My impression is that implementations approaching SPOG triples tend to
have some hard-wired implicit assumptions about the operational
semantics of SPOG and that these assumptions are likely to yield a
relatively constant subset of basic operations over the triples
regardless of implementation. Which is to say, the basic idiom for how
one might perform these operations is established (independent of
whether VG currently implements them or not).

Where VG2 might differ or deviate from other implementations is not w/r/t
SPOG but rather SPOGI e.g. triple-id (and by proxy triple-indexes).

> In VG, this is not the case?  Triples are (currently) represented by time
> based uuid as previously discussed, and nodes themselves are not hashed and
> indexed.  Maybe this is going to change naturally in the course of moving to
> v5 uuid?

IHMO it is not a given that a change to a namespacing UUID would
necessarily change the existing VG2 assumptions.

The role of UUIDs (potential and current) in VG2 is multi-faceted:

 v1 UUIDs are slow and if you don't require their time-stamping then a
 v4 UUID is a better solution if all that is really required is an
 anonymous but reasonably unique ID.

 There is no immediate gain to be had by using a namespaced (v3 or v5)
 UUID instead of an anonymous v4 UUID. In fact, there would be a loss
 in performance b/c there is more overhead associated with the minting
 of v3/v5 UUIDs.

 If you assume that any SPOGI implementation must concern itself with
 "namespacing" then there _may_ be some gain in using v3/v5 UUIDs
 instead of v4 UUIDs. Whether this is the case depends on how the
 system implements:

  - triple-id
    Whether the base identity is a string, integer, class-instance, etc.

  - triple-id-resolution
    How the _base_ representation of triple identity resolves to
    intermediate and higher-level representations

  - triple-indexing
    How base triple identity is indexed and how the indexed identities
    are resolved with their intermediate and higher-level
    representations

  - triple-persistence
    Whether the system can/should preserve state across sessions.

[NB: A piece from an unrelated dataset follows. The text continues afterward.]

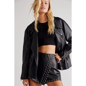 NWT Free People Emmy Mini Studded Skort in Black Faux Leather Grommet Punk Rock

    If preserving state is a goal then the degree to which the
    data-structures employed for triple-indexing are in-memory bound
    or require disk-i/o becomes a factor.

    If the system can remain performant with only an in-memory
    footprint then the majority of persistence issues are moot.

  - triple-performance

    What is a reasonable upper bounds on the number of triples the
    system should expect to handle?

    Should system handle networked/distributed/concurrent access?

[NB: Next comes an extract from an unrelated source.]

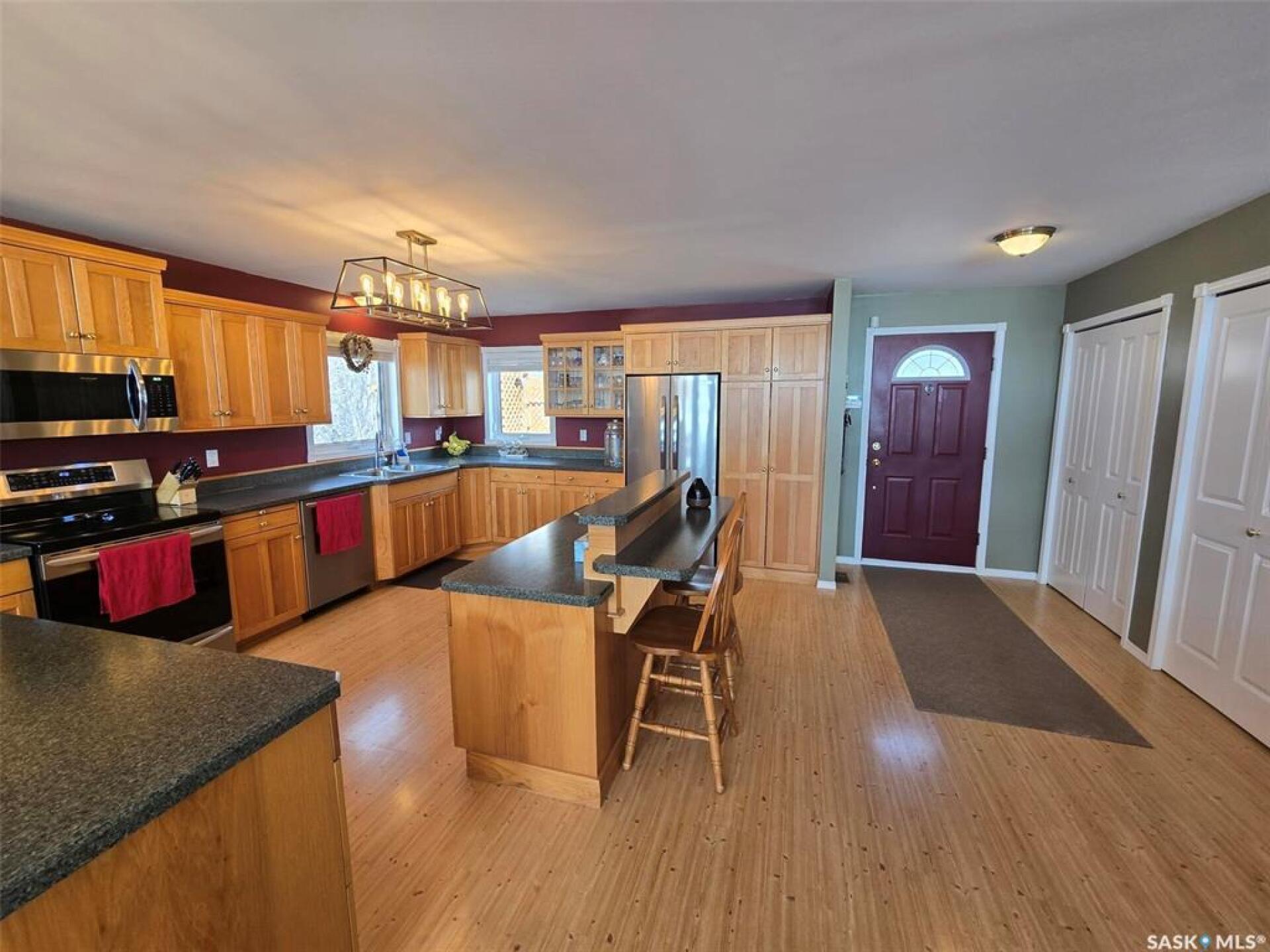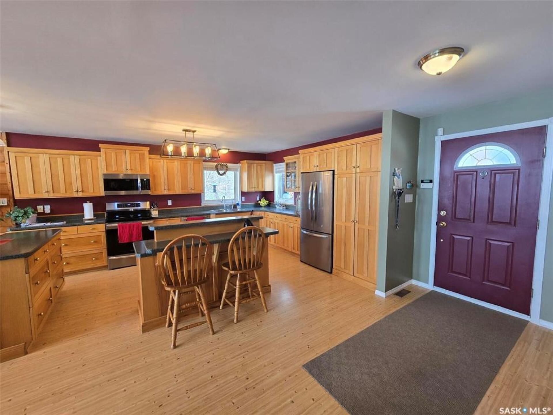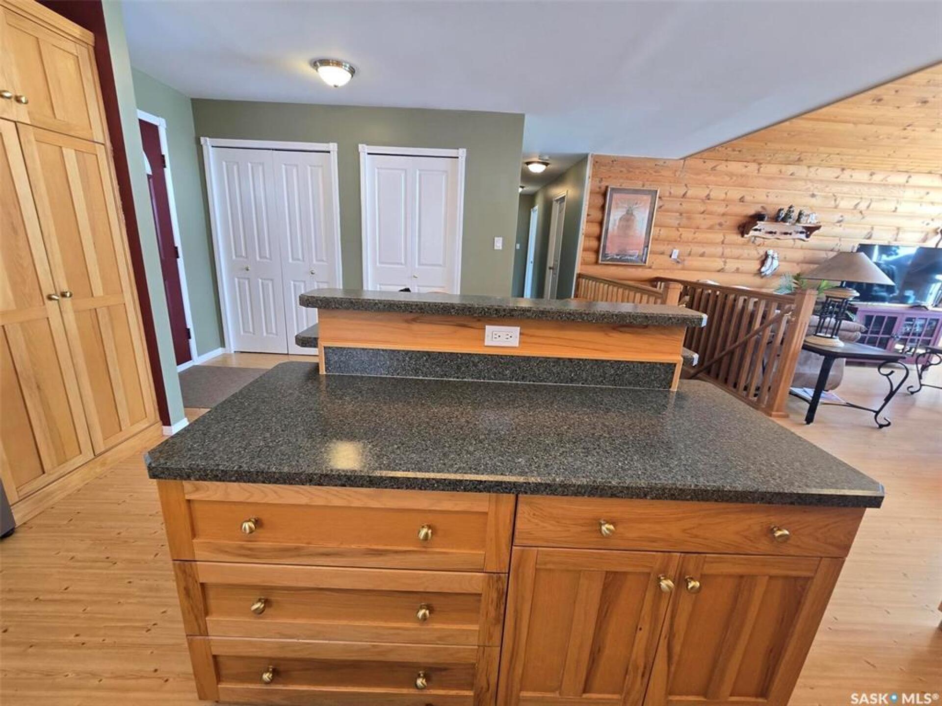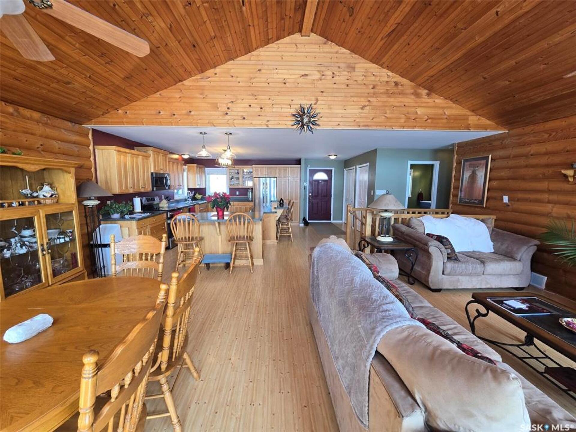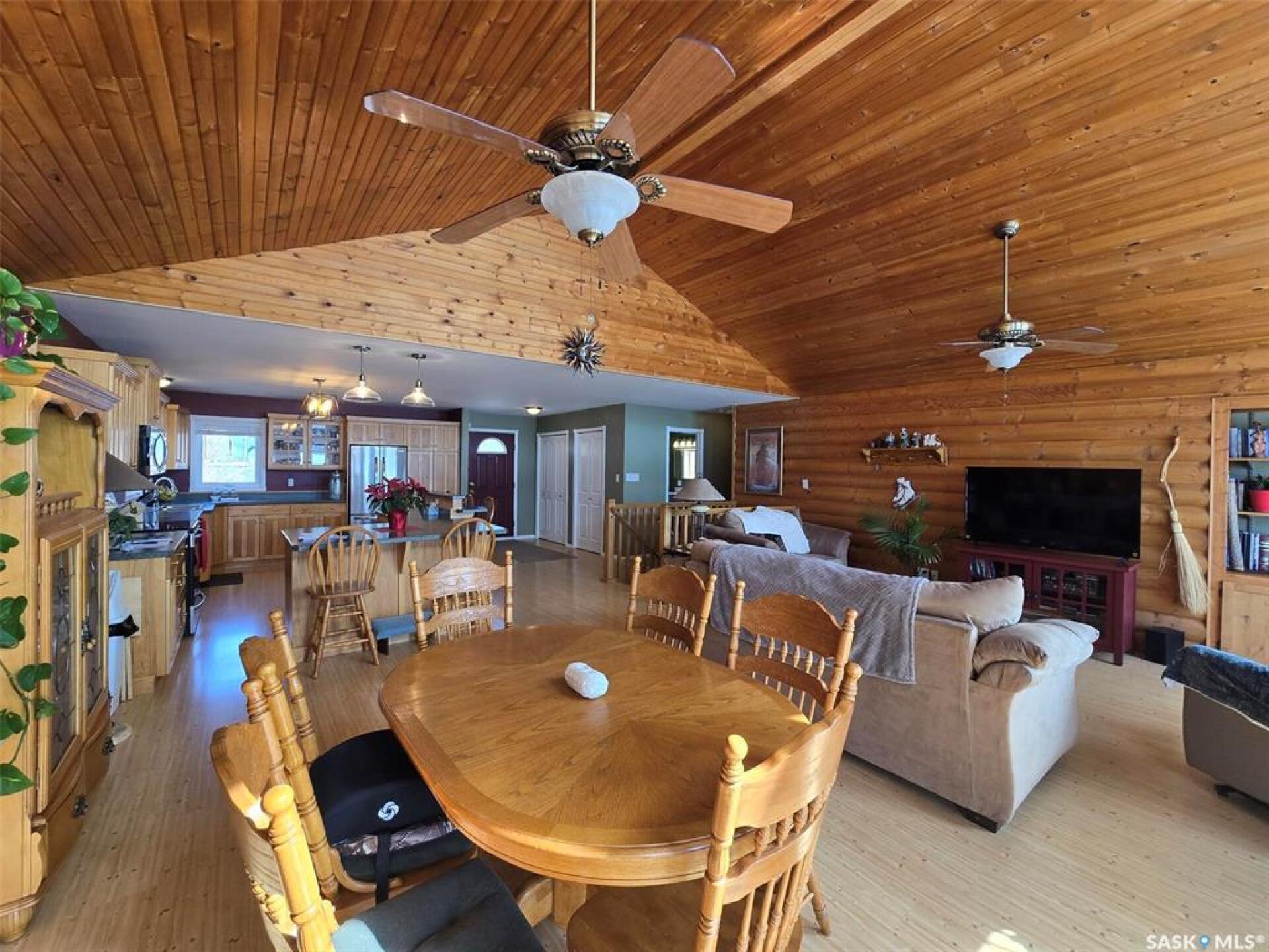 Sunsets are breathtaking at 104 Elk Road , Crooked Lake in this 3 bedroom plus 2 bath all season home with a combined total of just over 3000 sq ft. This property offers more than that though with lake front lifestyle in a log style bungalow built in 2002 with an amazing yard. Be close to nature with no direct neighbours on either side on this leased lot. The home boasts vaulted ceilings in the front living room, with south west windows allowing natural light to filter through all day. The kitchen is massive for all the company that lake life brings. There are 2 islands, one with a breakfast bar area and one is moveable with seating. Birch cabinets warm the space and provide lots of storage. Stainless steel appliances are quite new to include the BI dishwasher, fridge, stove, and microwave hood fan. Lighting has been updated. The 3 piece bath down the hall is spacious and has been renovated. Main floor laundry is situated in the Jack n' Jill bathroom off the Primary bedroom. This 4 piece bath has a jet tub and walk in shower. Wake up to the view of the lake in the Primary room , lots of closet space. Across the hall , a second bedroom. The walk out basement will be a great area to set up a gym, a rec space, extra family room , and hosts a 3rd bedroom. Boat house access on this level or turn it into a "Man Cave" , a place to set up a work shop. This sale will include a Hydo- pool Hot tub approx 6 years old, currently being used with minerals. There is a change room/ lean-to beside. Large storage shed found on the back side by the parking area. Lake life is all about the outdoors, and the bottom deck and balcony will be your favorite location. Septic - 1200 Concrete, Eco green Tank for propane, comes with dock and track. Lease is $2838 due in Dec and tax is $3106 due in Sept. Financing is available with terms and conditions . Water is delivered to home and stored in poly tank. This property is on a "No Through Road" come check it out before summer disappears. (29521347)

    Wow will implementations of networked/distributed/concurrent
    triple access scale.

Obv. there are interdependencies among the set of considerations
outlined above.

>part 2
>
> This sort of blends into another indexing-model question, related to
> the current model which is based on a hierarchical index structure?
> Couldn't additional speed be achieved though multi-constituent
> indexing?  IE and SP index, PO, index etc in which multiple nodes of
> a single triple are hashed in the aggregate to allow for direct
> lookup.

Having spent some more time looking at the linear-hashing papers Kevin
provided I'm have trouble see this as an either/or situation,
e.g. underneath its all gonna eventually wind-up as hash-tables
arrays, integers and de-referenced bucket/node/leaf/offset pointers :)

I'm interested to learn from Kevin how much of the linear-hashing
scheme he believes is already "built-in" to the existing VG-2
code-base.

In particular, if most of the footwork for the linear-hashing work is
already in place?

And, if not whether there is some drop-in data-structure capable of
implementing the linear-hashing scheme he envisions.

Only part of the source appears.